Yu: Ich bin hier geboren, ich habe hier meine Musikausbildung begonnen. Und das Shanghai Symphony ist ein sehr spezielles Orchester, das älteste in Asien, dieses Jahr sind wir 135 Jahre alt. Die Stadt hat aufgrund der Geschichte einen großen europäischen Einfluss und in den 1920ern gab es bereits eine große Vielfalt an Kultur, Filmen, Theater oder Malerei. Shanghai entwickelt sich gut und die Leute erwarten hier inzwischen auch mehr internationalen Standard. Wir eröffnen dieses Jahr unsere eigene Konzerthalle und ich denke, unser Saisonprogramm kann mit den großen Orchestern der Welt mithalten.
Und Sie haben wenig Nachwuchsprobleme, viele Kinder in China lernen heute Geige oder Klavier…
Yu: Aber nicht immer geschieht das aus den richtigen Gründen. Viele Eltern wollen, dass ihr Kind der nächste Lang Lang wird, der nächste Klassik-Star. Das gibt es ja auf der ganzen Welt, diese Art von „Tiger Mother“, aber so etwas lehne ich ab. Viel wichtiger ist doch, dass sie die Musik schätzen lernen. Sicher bin ich froh, je mehr Kinder gute Musiker werden. Doch das eigentliche Ziel ist, dass Musik die Fantasie der Kinder inspiriert, die Kreativität. Wichtig ist, dass sie Musikliebhaber werden.
Welche Motivation steckt hinter Ihrem Engagement für die Klassik?
Yu: Es ist einfach mein Beruf, ein Teil meines Lebens und ich liebe die Musik. Da geht es nicht um Geld oder Karriere. Vor kurzem habe ich Mitschüler von früher getroffen, einer ist jetzt Konzertmeister beim L.A. Philharmonic, der andere beim Chicago Symphony Orchestra. Doch als wir damals anfingen, zu studieren, haben wir mit so einem Erfolg gar nicht gerechnet.
Ich freue mich, dass ich auf diesem Weg etwas beitragen kann zur Gesellschaft, zum Leben in der Stadt, in der ich lebe. Und wir haben so viele klassische Musiker in China, sie alle brauchen eine Bühne, um ihre Arbeit zu machen.

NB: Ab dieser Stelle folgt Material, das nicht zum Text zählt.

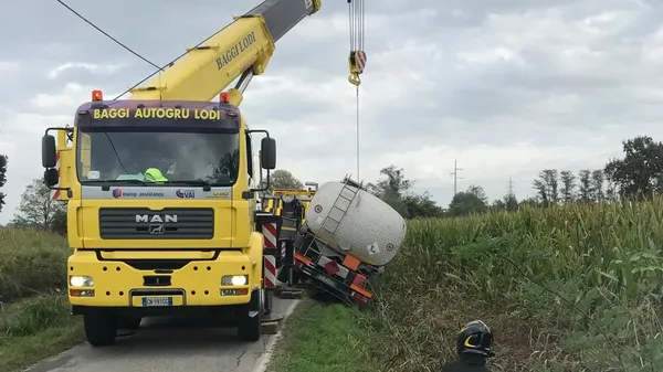 MEZZI PESANTI Problemi anche a Pieve Fissiraga, dove una cisterna carica di gasolio è finita fuori strada
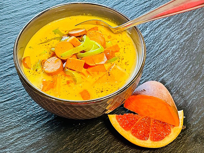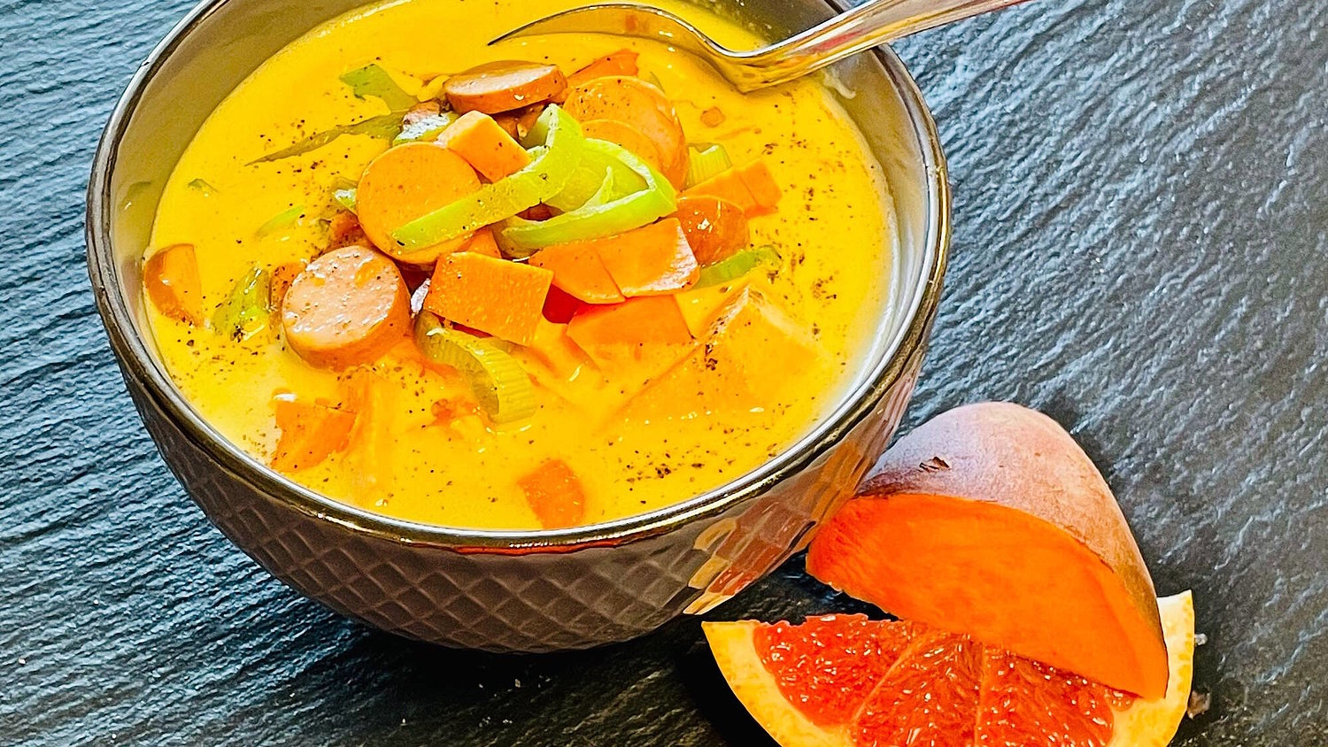 - Einen Teil der Süßkartoffeln zur Seite legen, um diese später als Stückchen mit in die Suppe geben zu können - den Rest pürieren. Danach mit Keto Epi Creamy, MCT Öl 100 % und Sahnealternative aufgießen, die Würstchen hinzugeben und alles erwärmen.
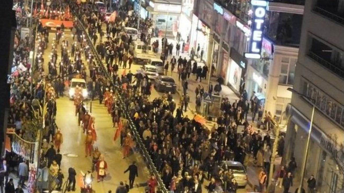 Tokat’ta, AK Parti Gençlik Kolları tarafından Çanakkale Zaferi ve Şehitleri Anma günü dolayısı ile düzenlenen “Kardeşlik Yürüyüşü"ne partililer yoğun ilgi gösterdi.Gaziosmanpaşa Stadyumu önünden mehteran takımı eşliğinde başlayan yürüyüşe AK Parti Tokat Milletvekilleri Zeyid Aslan, Dilek Yüksel, AK Parti İl Başkanı Adem Çelik, AK Parti Tokat Belediye Başkan Adayı Eyüp Eroğlu ile birlikte çok sayıda partili katıldı. Ellerinde Türk Bayrakları ve meşalelerle yürüyüş yapanlara vatandaşlarda alkışları ile destek verdi. Cumhuriyet Meydanı'nda sona eren yürüyüşte Çorum Belediyesi mehter takımı mini bir konser verdi. AK Parti İl Başkanı Adem Çelik ve AK Parti Tokat Milletvekili Dilek Yüksel’in konuşmasının ardından kürsüye çıkan AK Parti Tokat Milletvekili Zeyid Aslan, Tokat’ın şehidine, toprağına sahip çıktığını gösterdiğini söyledi. Tokat’lının 30 Mart’ta büyük bir zafere imza atacağını söyleyen AK Partili Aslan, “Sizde bu yürek bu aşk, bu coşku olduğu sürece ne bu milleti kimse bölebilir ne de bu milletin onurunu itibarını dünyada yeniden yazan Tayyip Erdoğan’ı kimse indiremez ” dedi. Son olarak kürsüye çıkan AK Parti Tokat Belediye Başkan Adayı Eyüp Eroğlu, seçim gününe kadar çalışmalarına durmandan devam edeceklerini ifade ederek,“Birileri bugün istediği oyunları istediği tuzakları, istediği kumpasları kurmaya çalışırsa çalışsınlar. Ben onlara diyorum ki; “Bize Somali’deki, Filistin’deki, Sudan’daki Afrika’da gözünün yaşını sildiğimiz Müslümanların, milletimizin duası yeter” diye konuştu.
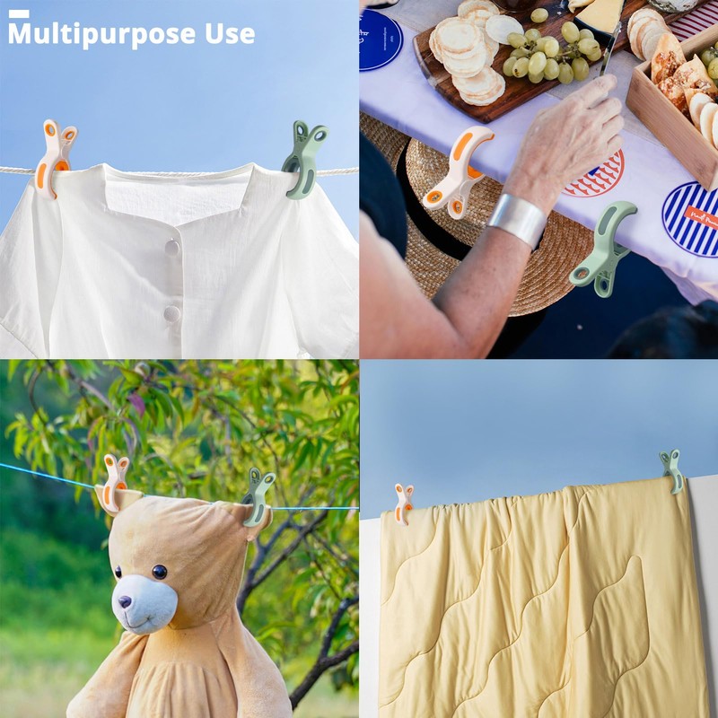 • Multipurpose Use: Beyond the beach and pool, these beach chair clips for towels can also be used for hanging clothes, swimsuit, blanket, securing picnic blankets, or holding down tablecloths during outdoor activities and fixed other needed items, adding to their versatility and practicality.

Sie haben die Kulturrevolution miterlebt. Welche Rolle spielt das emotional für Sie?
Yu: Das war eine harte Zeit. Uns war nicht erlaubt, klassische Musik aufzuführen – deswegen schätzen wir sehr die heutige Zeit, in der wir spielen können, was wir wollen. Deshalb ist es wichtig, dass wir unsere Arbeit, wie wir sie heute machen können, auch genießen.
Wie wichtig war für Sie das Studium in Deutschland?
Yu: Ich gehöre zu der Generation, die nach der Kulturrevolution als erste zum Studium ins Ausland gegangen ist. Und ich bin sehr froh, dass ich in Deutschland studieren konnte. In Berlin ist damals zwischen 1988 und 1992 sehr viel passiert.
Raten Sie heute jungen chinesischen Musikern, im Ausland zu studieren?
Yu: Ich denke, sie sollten hier in China anfangen, aber jeder sollte für das weitere Studium auch ins Ausland gehen. Dabei geht es mir nicht um ein bestimmtes Land, sondern es geht generell um Arbeitserfahrung, Lebenserfahrung und kulturellen Austausch.
Wir versuchen heute aber auch diejenigen, die im Ausland studiert haben, zurückzuholen, weil wir ihnen jetzt bessere Bedingungen bieten können.
Was war das Wichtigste, was Sie in Berlin gelernt haben?
Yu: Das Leben! Ich denke, seit dieser Zeit verstehe ich das Leben viel besser – und dadurch auch die Musik.
Welche Vorbilder haben Sie als Dirigent?
Yu: Sicher war Karajan ein wichtiges Beispiel für mich. Damit meine ich nicht das Dirigieren, sondern wie er für Musiker eine Basis geschaffen hat. Das ist ja in China für die klassische Musik so wichtig: das System, die Plattform zu etablieren.
Sind Sie ein Perfektionist?
Yu: Ja, zumindest versuche ich einer zu sein. Das habe ich in der Tat von Deutschland gelernt. Und ich glaube, deshalb habe ich auch diesen Ruf in China, dass meine Organisation sehr stabil ist und gut funktioniert.